Зал театра очень уютный, фойе – просторное. Свободных мест в зале было не много, а еще у каждого ряда с обеих сторон стояли стулья. Только перед залом увидела афиши:
Сцена – черная без всяких прикрас. Непривычно было видеть расставленные стулья для музыкантов – обычно программу «Песни Булата Окуджавы» Олег исполняет под аккомпанемент только Михаила и собственный.

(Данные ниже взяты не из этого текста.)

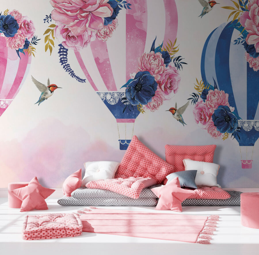 Μεταμορφώστε τον χώρο σας με αυτή την ονειρική ταπετσαρία που απεικονίζει μια ομάδα αερόστατων διακοσμημένων με όμορφα λουλούδια. Φανταστείτε να μπαίνετε σε ένα δωμάτιο που μοιάζει να αιωρείται σε ένα απαλό αεράκι, όπου κάθε αερόστατο προσθέτει μια νότα χρώματος και φαντασίας. Οι απαλές αποχρώσεις και τα λεπτεπίλεπτα λουλούδια δημιουργούν μια γαλήνια ατμόσφαιρα, ιδανική για μια ζεστή γωνιά ανάγνωσης ή ένα χαρούμενο παιδικό δωμάτιο. Και αυτά τα μικρά κολιμπρί; Είναι αξιολάτρευτα! Είναι σαν η φύση και η τέχνη να είχαν μια υπέροχη συζήτηση και εσείς να απολαμβάνετε το αριστούργημα. Ποιος δεν θα ένιωθε λίγο πιο ελαφρύς μόνο κοιτάζοντάς το; Ιδανικό για όσους πιστεύουν ότι μια πινελιά μαγείας μπορεί να ζήσει σε κάθε γωνιά του σπιτιού σας!

В этот же раз были все - за исключением Елены и Ирины.
1 отделение:
«Музыкант играл на скрипке…»:
«Музыкант играл на скрипке, я в глаза ему глядел,
Я не то чтоб любопытствовал - я по небу летел.
Я не то чтобы от скуки, я надеялся понять,
Как умеют эти руки эти звуки извлекать…»
Инструментальная пьеса
«Арбатский романс»:
«Арбатского романса знакомое шитье,
К прогулкам в одиночестве пристрастье,
Из чашки запотевшей счастливое питье
И женщины рассеянное «здрасьте»...»
«Песня о молодом гусаре»:
«Грозной битвы пылают пожары,
и пора уж коней под седло.
Изготовились к схватке гусары:
их счастливое время пришло.
Впереди -- командир, на нем новый мундир,
а за ним -- эскадрон после зимних квартир...
А молодой гусар, в Наталию влюбленный,
он все стоит пред ней, коленопреклоненный…»
«Песенка о московском муравье»:
«Мне нужно на кого-нибудь молиться.
Подумайте, простому муравью
вдруг захотелось в ноженьки валиться,
поверить в очарованность свою!...»
«Еще один романс»:
«В моей душе запечатлен портрет одной прекрасной дамы.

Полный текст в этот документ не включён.